My sister, Vivian, who was a Girl Scout, earned every merit badge possible, and I remember how proud she was to sew each new round badge to her sash. I remember the days when I helped my sister sell carton after carton of Girl Scout cookies to neighbors, schoolteachers and customers who visited my dad’s business.
I also remember crafting with my cubs. I believe those crafting lessons helped lead to my days as a decorator. Teaching woodworking to young boys — making a tie rack, book ends or a wall plaque on which alphabet letters, made of strands of spaghetti, were applied — was a beginning of my love of design. We also created designs with colorful marbles — yes, the marbles I played with and sometimes lost to a friend.

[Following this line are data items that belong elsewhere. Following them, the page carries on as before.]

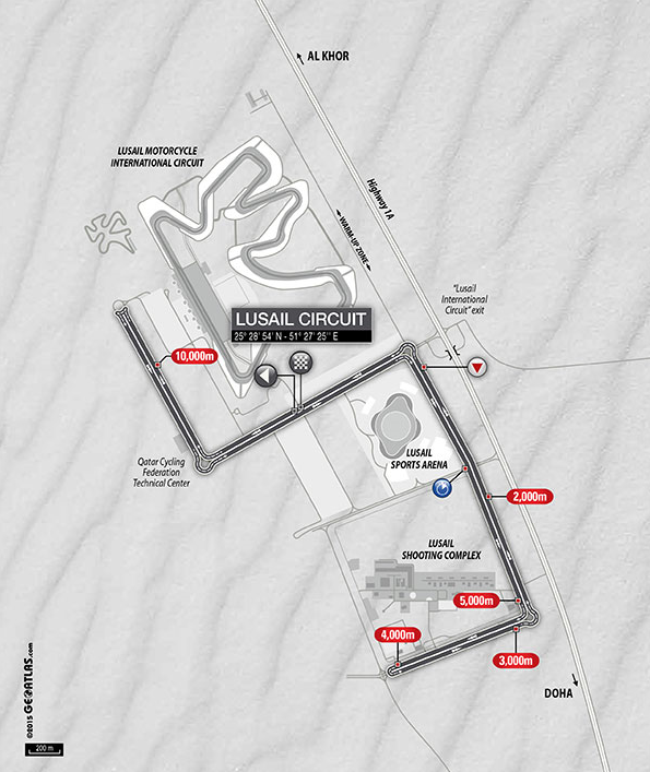 Por tercera edición consecutiva, los corredores enfrentarán una crono individual de 11 kilómetros por los alrededores de Lusail. Los que siguen el evento, ya saben qué esperar y, para esta ocasión, apenas si han retocado el circuito.
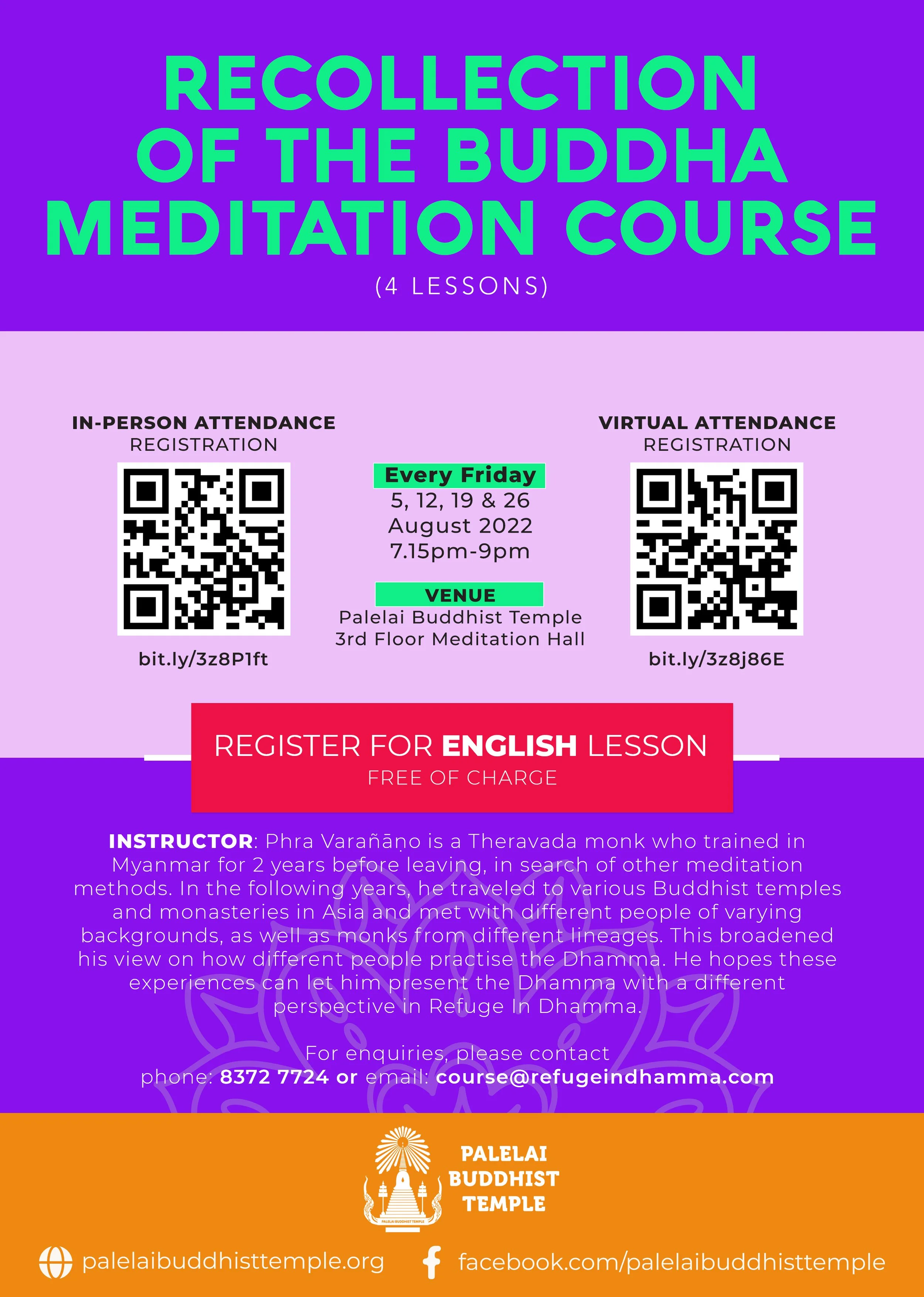 《Recollection of The Buddha Meditation Course》is open for registration.
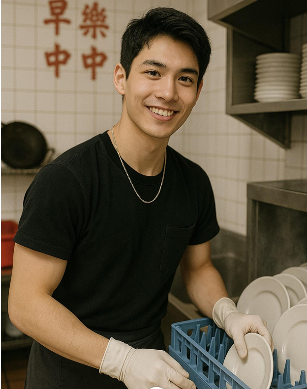 我居住的公寓楼有位国内来的女同学名叫安娜,说她打工的中餐厅要找Busboy 也就是餐厅打杂工,餐厅地址距离我居住的大学学生村不远,经她介绍我也就决定去试试。那时也没有手机,也不可能说先打个电话预约一下。照着她给我的地址走到了餐厅,老板娘从头到脚打量了我一下,我现在回想她当时的心理可能是想这小子长的这么秀气、身材又苗条,在后厨打杂可惜了。倒是我心里很忐忑,因为是第一次在美国找工。老板娘明明是中国人还用英文说要interview 我一下。先给我一张纸填了一下个人基本信息什么的,其实我除了姓名、性别、居住地址和学生身分,连电话都没有。我记得老板娘问我的一个关键问题是是否有洗碗的experiences, 我毫不犹豫的说有啊有啊。她又问在哪里洗过,我说在家里。她一脸不高兴的说”Thatdoesn’t count!”(那不算数!)。我正准备离开,她又面带怜悯表情的说可以试工一周,管吃但没有工资。这不是有资本家剥削工人的嫌疑吗?!说合格了就可录用,时薪一小时$4.25。 下午六点上班,晚上十点下班。我觉得我第一次找工就有机会试试,就答应了,反正咱也不是真的很缺钱,就是想体验一下打工的滋味。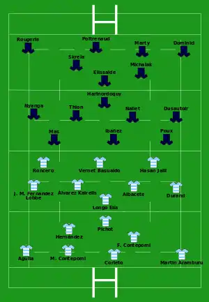 Report | Try: F. Contepomi (2) 28' c, 77' c Hasan 32' c Martín Aramburú 53' m Corleto 65' m Con: F. Contepomi (3/5) Pen: F. Contepomi (1/1) 21' |

Today, you can often find homemade crafts at county fairs and green markets. One of the fair crafts that I like are old mullion windows in which the glass panes have painted by artists to depict scenes such as seascapes. You can bring one of those painted windows back to your home in the city and dream of days spent at the seashore. I have one in my New York City apartment, and it always reminds me of Palm Beach.
I often think of crafting when decorating. Think, for instance, of wallpapering a powder room with old Life Magazine covers, maybe from the year you were born. Or why not decorate an old suitcase, a lamp base or even a side table with decoupage? Decoupage is one of the crafts I taught my cub scouts, way back when.